I sit staring at a blank screen much more than I ever did without medicine, my associative language center is now sluggish and compromised, and word retrieval is a physical effort. My short-term memory has also suffered. For the first time in my life, I find myself forgetting what I was about to say with my mouth opened during a conversation, or why I walked to the other side of the room. Memory for detail and an ability to translate those memories and impressions into words is a large piece of what has defined me as a writer and as a person. Now, though I can still sit at my laptop and hammer out some thoughts, it takes much longer, and many more drafts, to make sentences that do what I intend for them to do. Often lying in bed, ideas or lines float into my mind unbidden, like they always have, and before I took any medicine I’d wake up and write them down in the morning. Often they were gifts from the subconscious — a perfectly formed sentence or phrase to finish a piece I was working on. But on medicine, those lines have faded by morning. I open a blank word document for that flash of idea, that white heat of image where all stories start, and staring at the cursor blinking on the screen, my mind has lost it.

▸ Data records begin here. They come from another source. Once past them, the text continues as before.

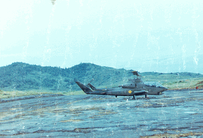 Fire Base Birmington -- 175mm Self-propelled Howitzer in background. Also, LOH on the pad.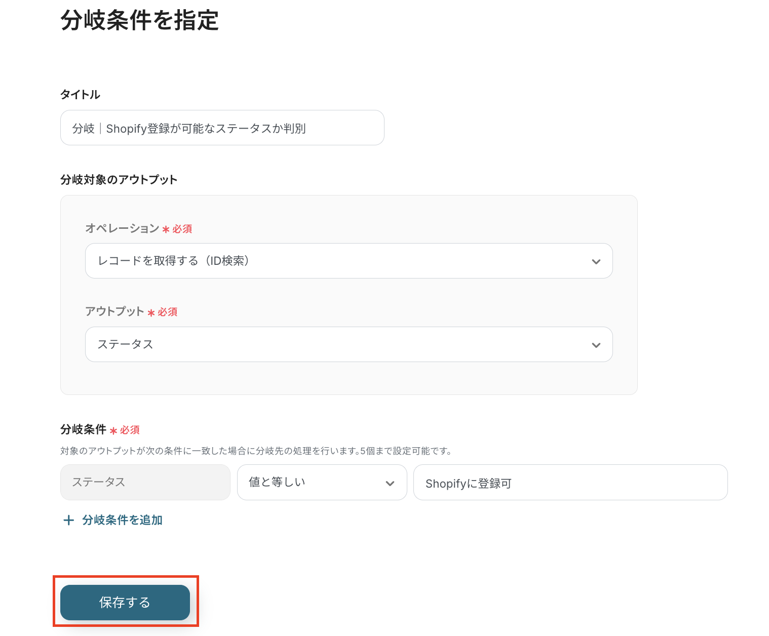「分岐|Shopify登録が可能なステータスか判別」をクリックします。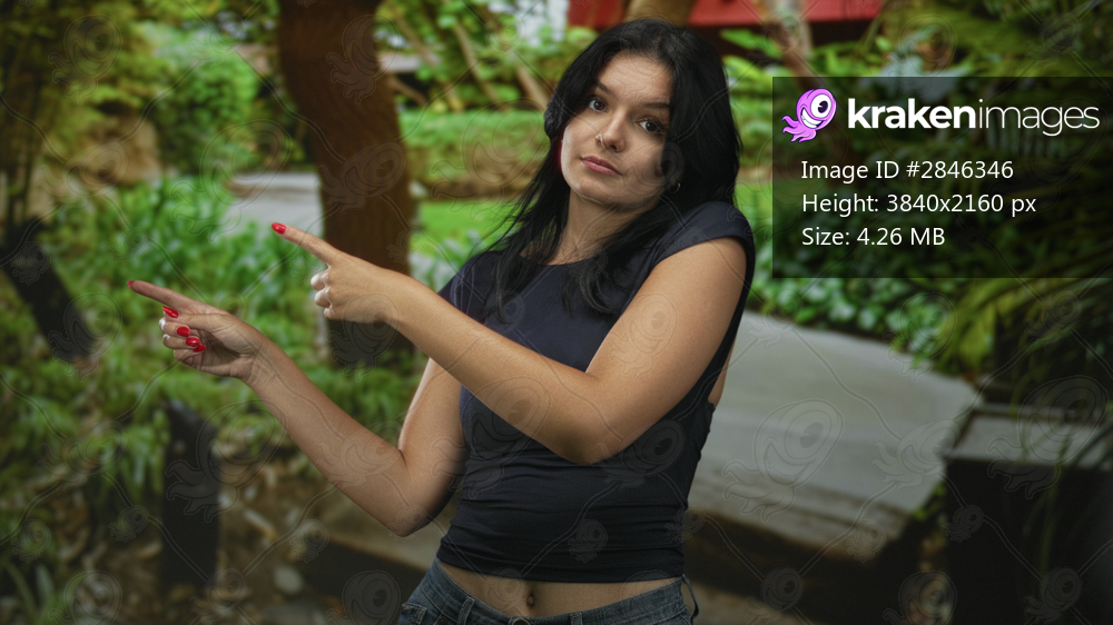 Young hispanic woman wearing a dark top with finger pointing to object on a forest path; guidance direction exploration discovery.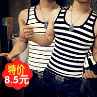 男士修身型纯棉背心青年黑白条纹运动坎肩高中学生青少年夏季汗衫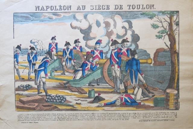 Epinal, Jean Charles Pellerin, 1850 - 1870 circa. Incisione su legno in coloritura d'epoca, cm 43 x 63 circa (il foglio). La veduta è stata incisa dal Georgin e stampata dal Pellerin, il più importante editore di Epinal, cittadina del dipartimento dei Vosgi, nella regione della Lorena. Al margine inferiore la didascalia descrittiva dell'episodio: Napoleone all'assedio di Tolone. Piega centrale editoriale, uno strappo riparato alla metà del lato sinistro e molto poco visibile, minimi difetti marginali del foglio, peraltro in piacevole coloritura e buona conservazione.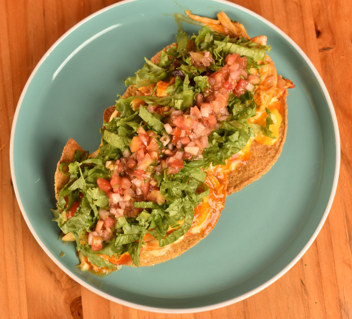 Tortilliita de maíz, frijoles molidos, queso mozzarella, queso cheddar, carne mechada de pollo y res, natilla, lechuga, pico gallo, salsa de queso, mayonesa de la casa y ketchup. Acompañada de papas a la francesa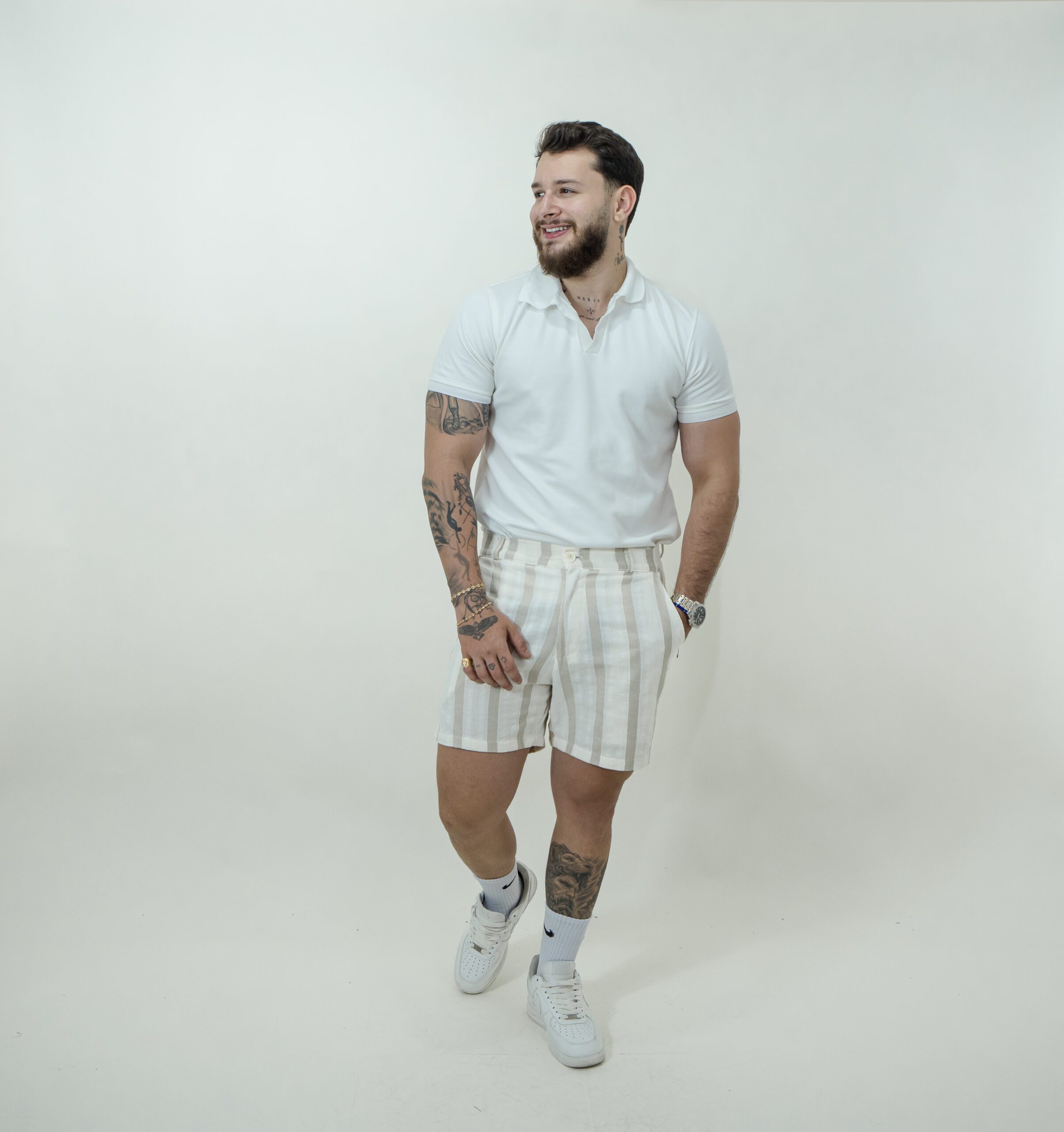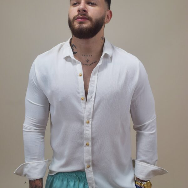 Esta polo blanca es la combinación perfecta entre elegancia casual y comodidad diaria. Su diseño de líneas limpias y cuello clásico con abertura frontal aporta un estilo moderno y sofisticado, ideal para cualquier ocasión.

I wouldn’t trade the happiness, the sense of balance, the self-reliance, or the improved relationships I’ve gained from medicine for writing. And perhaps I don’t have to decide between mental health and creativity. It seems that, whether mad or not, people are driven to create in order to understand something about themselves, the world, or their experiences and perceptions. Perhaps Freud was as wrong about art necessarily stemming from neurosis as he was about penis envy. I agree that powerful art is created out of a deep need, and bears the imprint of the essential raw self or soul. But if my anxiety really is a biological disorder, as doctors and psychologists have repeatedly insisted, then my essential self isn’t the anxious thoughts and existential dread I used to constantly feel. My essential self would lie underneath the layers of catastrophic images and anguished mental chatter. It’s possible that the medicines I take could help me travel a clearer and more direct path to that place, avoiding the potholes and back alleys of phobias, anxiety, and panic. Though it takes more discipline to sit down and write now, since I am not doing so to save my life, I am practicing writing from a place of curiosity rather than pain, fascination rather than desperation, forging my way more safely into a different dark.